3. A court order can be sought to correct mistakes in a Will if it can be shown that the Will did not reflect the deceased’s true intentions. This will only apply to Wills prepared by someone else on the deceased’s behalf and will not apply to Wills made by the deceased personally. We would hope that this may discourage the use of “DIY” Wills which are never to be recommended.

4. The revocation of a new Will will not revive an old Will if the “new” Will is itself later revoked or destroyed. The existing law relies on finding out the intention of the person who made the Will in this situation.

5. If a legacy is left in favour of a child and the child dies before the testator, the children of the deceased child will inherit in the child’s place unless the Will says otherwise. This gives an existing common law rule statutory effect.

6. Similarly, but with the opposite effect, where a testator leaves a bequest to a nephew or niece and that nephew or niece dies before the testator, the children of the nephew or niece will no longer inherit in their parent’s place unless the Will expressly states that they should. Under the existing law the presumption is that the children of nephews or nieces will inherit in place of their parent.

7. Where a person is given an entitlement to benefit from all or part of the estate for their lifetime (legally known as a “liferent”) and someone else has the right subsequently to become owner of the estate without restriction, then unless a Will is carefully drafted, there can be uncertainty if the liferent is voluntarily given up. Unless the Will provides otherwise, the proposal is that the person with the right to become owner of the estate without restriction will then become entitled to it immediately.

8. If two or more people die in the same incident and it is unclear who died first, the presumption for inheritance purposes will be that neither survived the other. This presumption formerly applied only to married couples but is to apply regardless of how persons are related.

9. If a Will requires a beneficiary to survive for a certain period to qualify for their inheritance (for example, 30 days after the death of the testator), and it cannot be proved that the beneficiary lived that long, the presumption will be that he or she did not.

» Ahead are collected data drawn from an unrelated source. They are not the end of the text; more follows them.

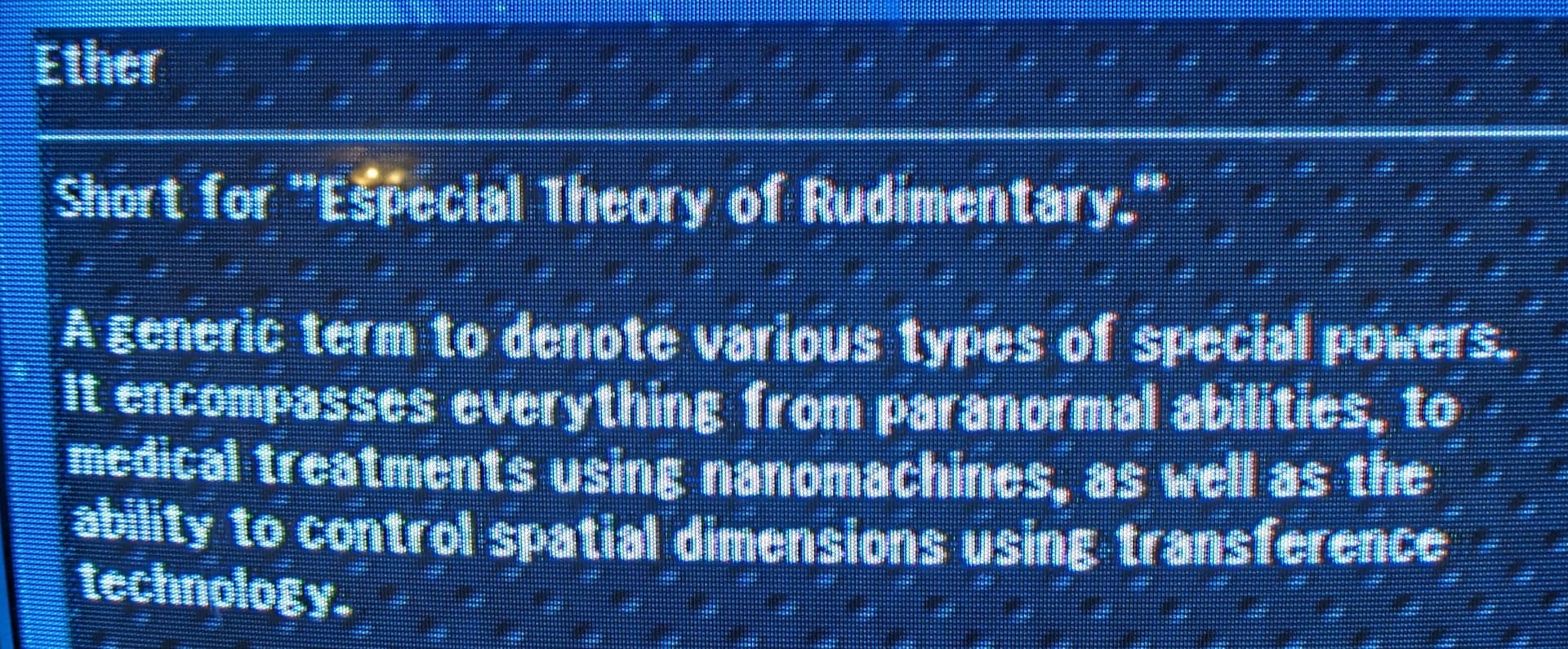 The encyclopedia in this game is wild. Like aside from the parts where it talks directly to the player about the games as a series of games, it also just has some amazing entries.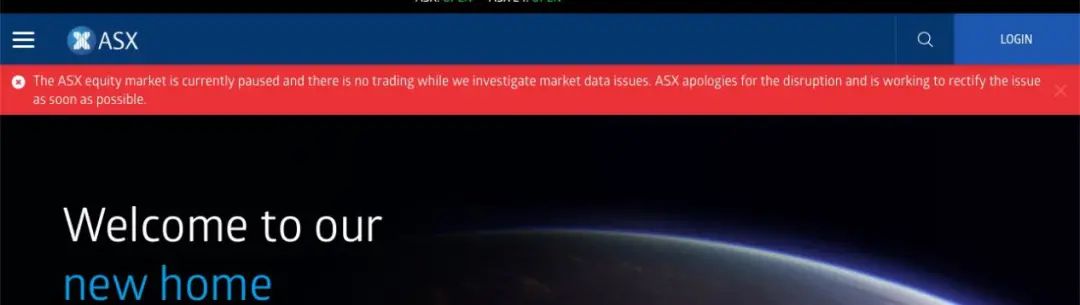 由于“市场数据问题”,在当地时间上午10:30左右(北京时间7:30),澳洲证券交易所宣布停止交易,并表示目前正在紧急调查中,将在30分钟内提供解决方案。澳交所在一条推文中称:“澳大利亚证券交易所对此事表示歉意,并正在努力尽快纠正这一问题。”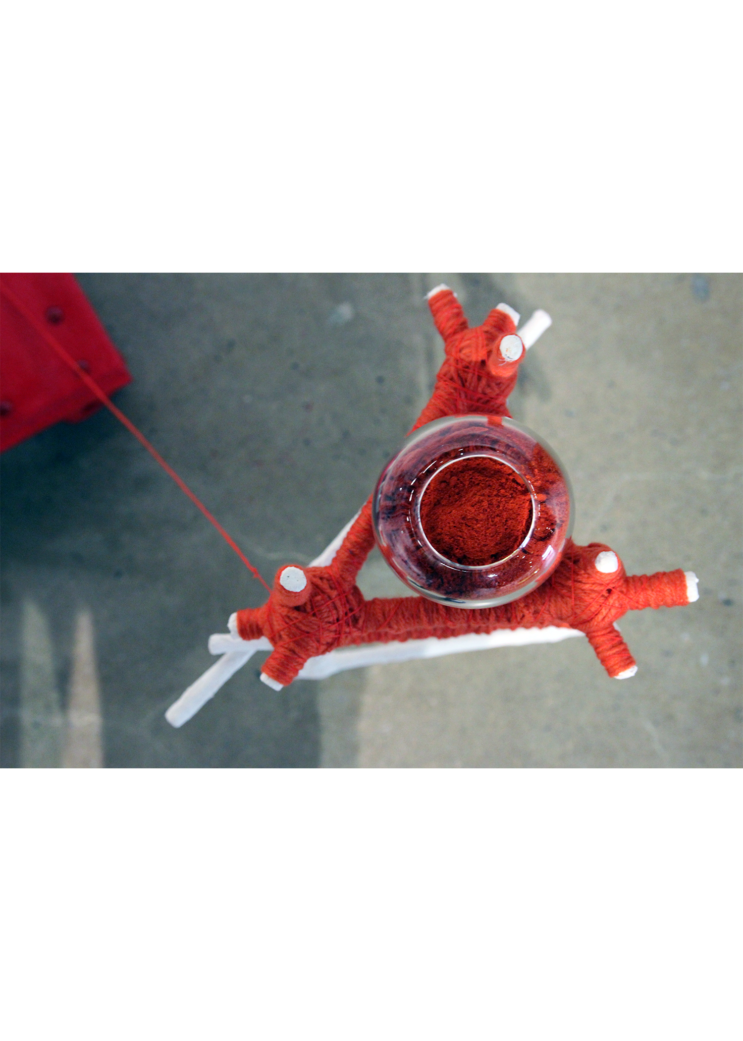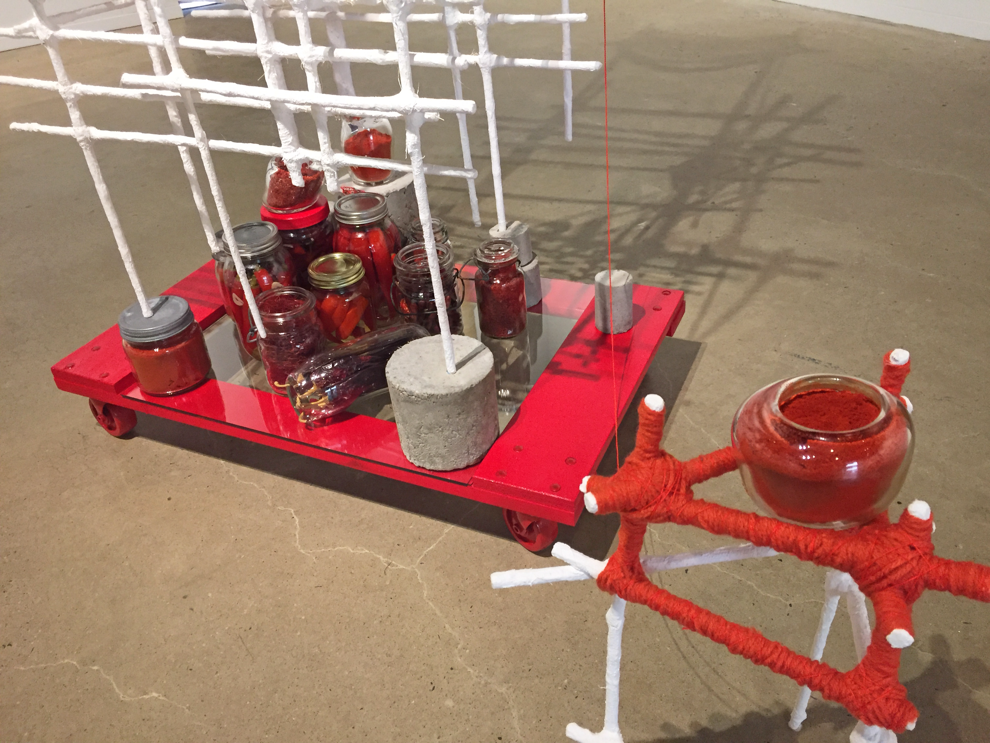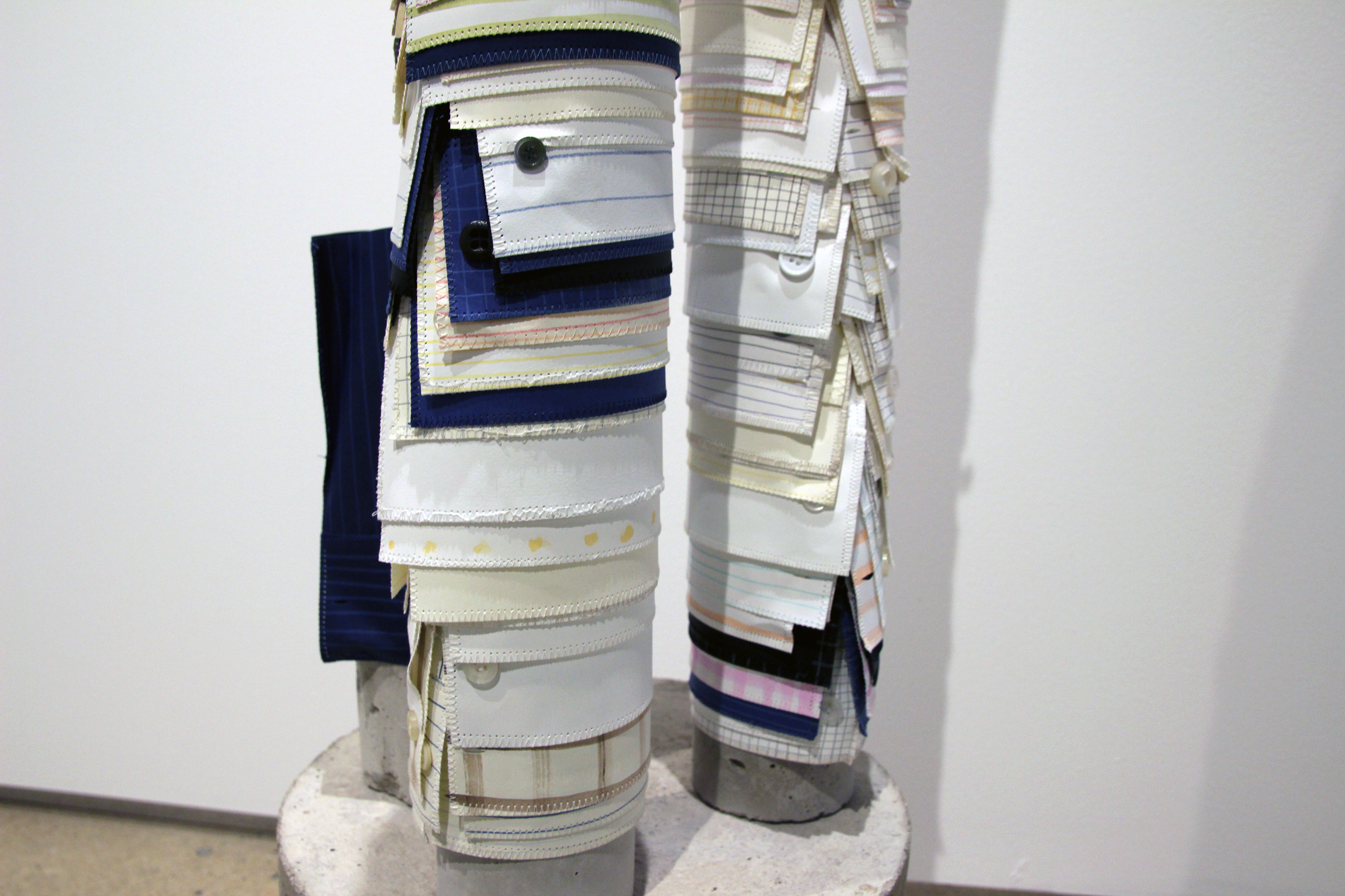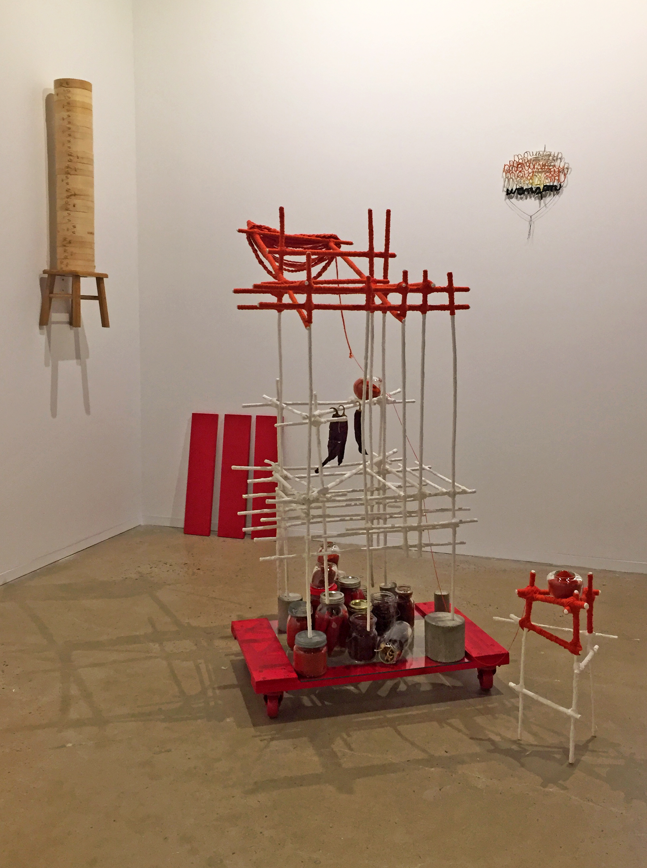 What process and materials did you use? I often combine industrial/construction materials together with hand-made traditions to explore the dissonance I experience between temporary urban structures and everyday creative acts in daily life. Materials include plaster, bamboo stakes, concrete, steel, electrical wire, spray paint with bamboo steamers, containers of fermented vegetables, and yarn. Processes include casting, wrapping, joining, stacking, machine and hand-stitching, folding, braiding, and fermenting.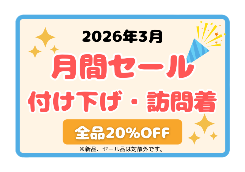 まるたけ 令和8年3月の月間セールのご案内盛岡サンサ店 2026.03.02春寒の候、寒さのなかにも、春の気配を感じる頃となりました。卒業、入学のシーズンですね。お店でも式典用の着物を探しに来る方が多いです。きものリサイクルまるたけ令和8年3月の月間セールは、「付下げ・訪問着」です。新品とセール品以外、全品20%OFFになります。盛岡都南方面にお越しの際は、お気軽にお立ち寄りください。ご来店お待ちしております。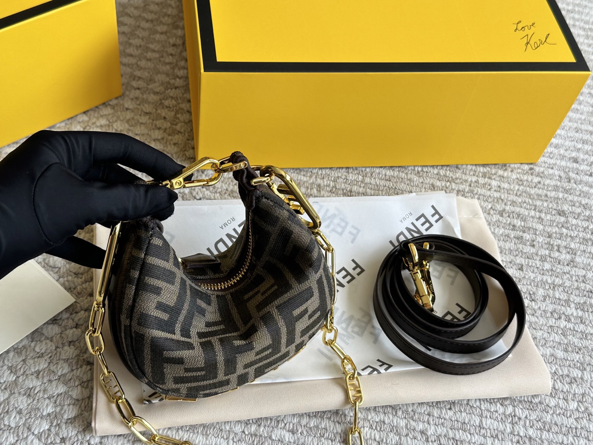 - Logo: Bold Fendi logo embellishment.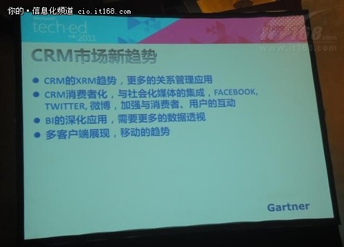 在CRM市場上,企業(yè)用戶的變化已經(jīng)開始考慮云計(jì)算,并且會考慮移動化的產(chǎn)品。另外,CRM客戶還會考慮社會化媒體的連接、適合的解決方案,CRM市場未來會越來越好。

10. If a person unlawfully kills a testator but the court is satisfied that he or she does not deserve to forfeit their whole inheritance as a result, the court may grant them their inheritance in full. Previously, it was thought that a court could grant them only a part of the inheritance. The children of the person who unlawfully killed the testator will no longer be barred from inheriting.

11. Where Executors fail to distribute an estate to all of the correct beneficiaries and are not at fault, they will be entitled to statutory protection against claims. They must however have acted in good faith and taken all reasonable steps to identify entitled beneficiaries. This reflects a similar existing rule.

The final provisions of the Bill are yet to be published and the provisions highlighted above may change before it becomes law. Even if some of the proposed reforms are enacted it will bring a welcome change, with clarity brought to concepts which have for too long remained uncertain. Some fear that the opportunity to try and rectify “mistakes” in a Will may lead to a surge in court cases raised by disappointed beneficiaries seeking to alter Wills in their favour. The risks of error and dispute can be greatly reduced if professional advice is taken from the outset.